> **Task directions**
Your output should be the lines from the one with "Kitty! You get" through the last line of the records below, exactly as written, minus the pictures.

[Data for analysis — start]

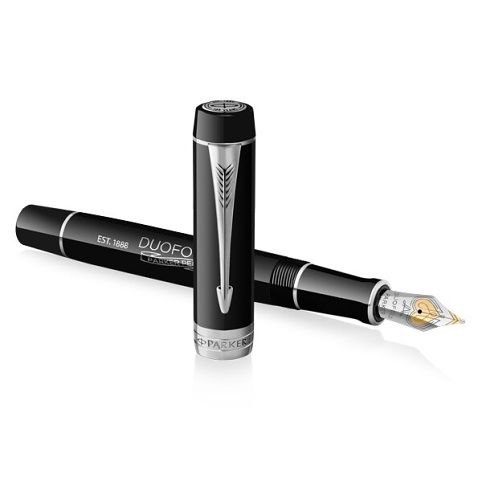 možnost používat i inkoustové bombičky Quink, Dodáváno v luxusní dárkové kazetě s koženým pouzdrem, lahvičkou černého inkoustu a s konvertorem. Součástí balení je také brožurka a dárková taška., JAK SE LIŠÍ HROTY F A M?, F - Slabý hrot (Fine) - Vhodný pro běžné psaní a poznámky. Mírný tlak vytváří jemnou linku. Velmi oblíbený, vhodný pro uživatele se standardním rukopisem., M - Střední hrot (Medium) - Průměrný tlak a šíře linky. Vhodný pro uživatele, kteří mají rádi maličko silnější linku., V roce 1888 podnikl George S. Parker první z nesčetných kroků na cestě plné ambicí, vášně a inovací. Již 135 let Parker nepřetržitě staví na odkazu řemeslné zručnosti a kvality,, díky čemuž se jméno Parker stalo synonymem dokonalosti v oblasti prestižního psaní. K této příležitosti vydává Parker tuto speciální edici Duofold 135th SE., Duofold symbolem vytříbenosti a elegance. Nejvyšší nároky na kvalitu provedení a důraz na každý detail pera, vyrobeného z celkem 21 jednotlivých a pečlivě ručně sestavených kusů,, činí z každého Duofolda důstojného následovníka svých slavných předchůdců a žijící ikonu.
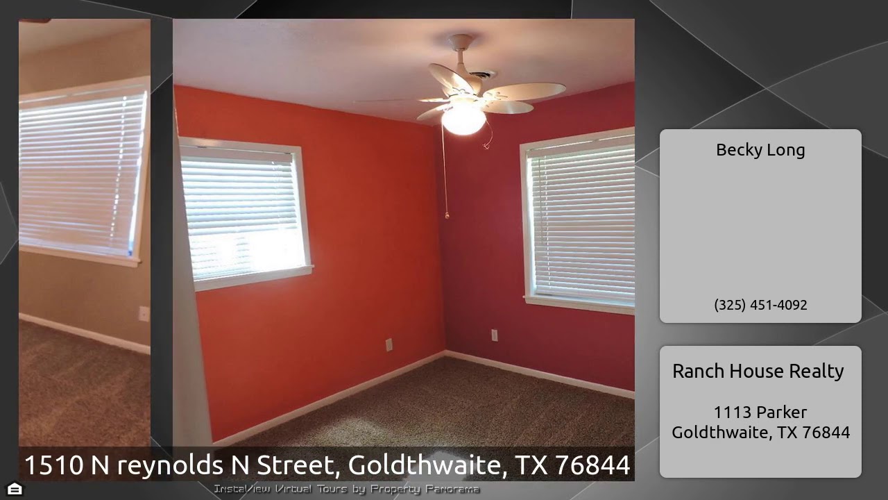 The Virtual Tour for the property at 1510 N reynolds N Street, Goldthwaite, TX 76844 listed for $224,900: Other homes for sale by Becky Long of Ranch House Realty: Large spacious well maintained brick home with over 2000 square feet. 3 to 4 bedrooms, 3 baths, living room with fireplace, office space with storage, den or game room equipped for a wood burning stove, dining area, some built ins through out home, French doors, kitchen has an eat in bar. appliances convey, quartz and marble counter tops, ceiling fans, plenty of closet storage, tile and carpet flooring, storage building, water …
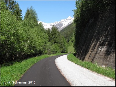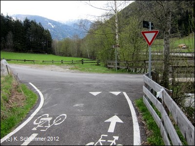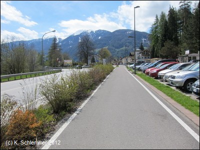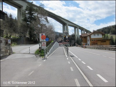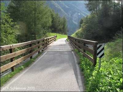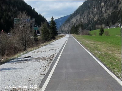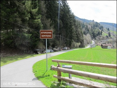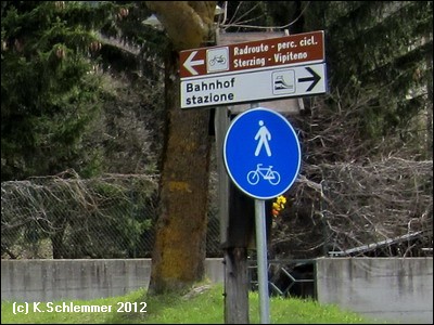 Aus dem Pflerschtal kommend zweigt der Radweg vor dem Bahnhof links ab durch Gossensass. Man kann aber genauso gut geradeaus fahren und erreicht dann wieder den Radweg am südlichen Ortsende.
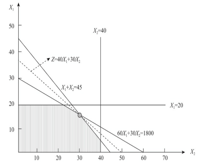 通过图可以发现最优解是目标函数与X1+X2=45和60X1+30X2=1800的交点,求解两个函数的解用到的是九年义务教育阶段基本数学知识。
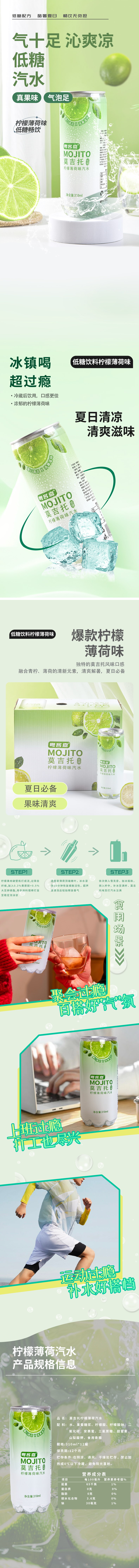 粤客嘉 莫吉托柠檬薄荷汽水 12罐/箱 310ml/罐 绿色(单位:箱)
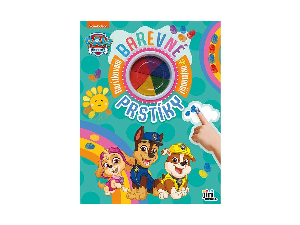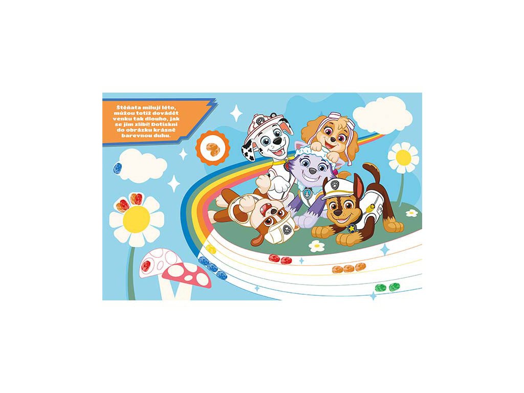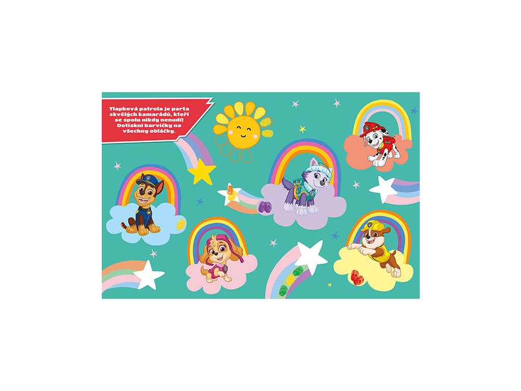 Obsahuje 24 stran plných barevných obrázků s oblíbenými postavičkami z Paw Patrol / Tlapkové Patroly k dorazítkování prstíky a 6 prstových barev.
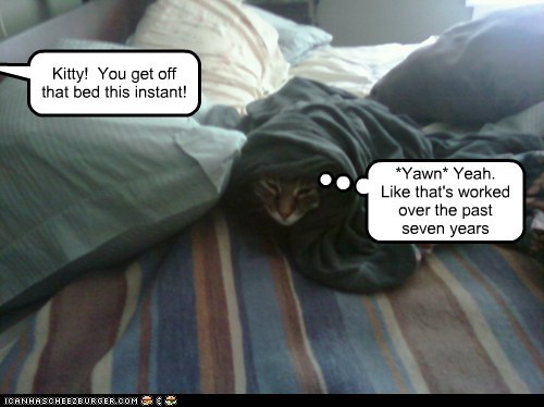 Kitty! You get off the bed this instant! *Yawn* Yeah. Like that's worked over the past seven years.
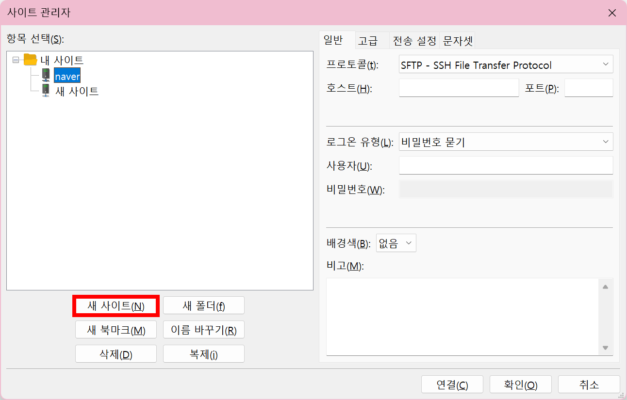 파일질라 상단메뉴 > 파일 > 사이트 관리자 > 새 사이트 클릭
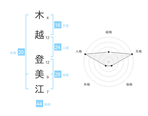 木越 登美江さんの総格は44画の2点!

[Data for analysis — finish]

> **Worked solution**
 Kitty! You get off the bed this instant! *Yawn* Yeah. Like that's worked over the past seven years.
 파일질라 상단메뉴 > 파일 > 사이트 관리자 > 새 사이트 클릭
 木越 登美江さんの総格は44画の2点!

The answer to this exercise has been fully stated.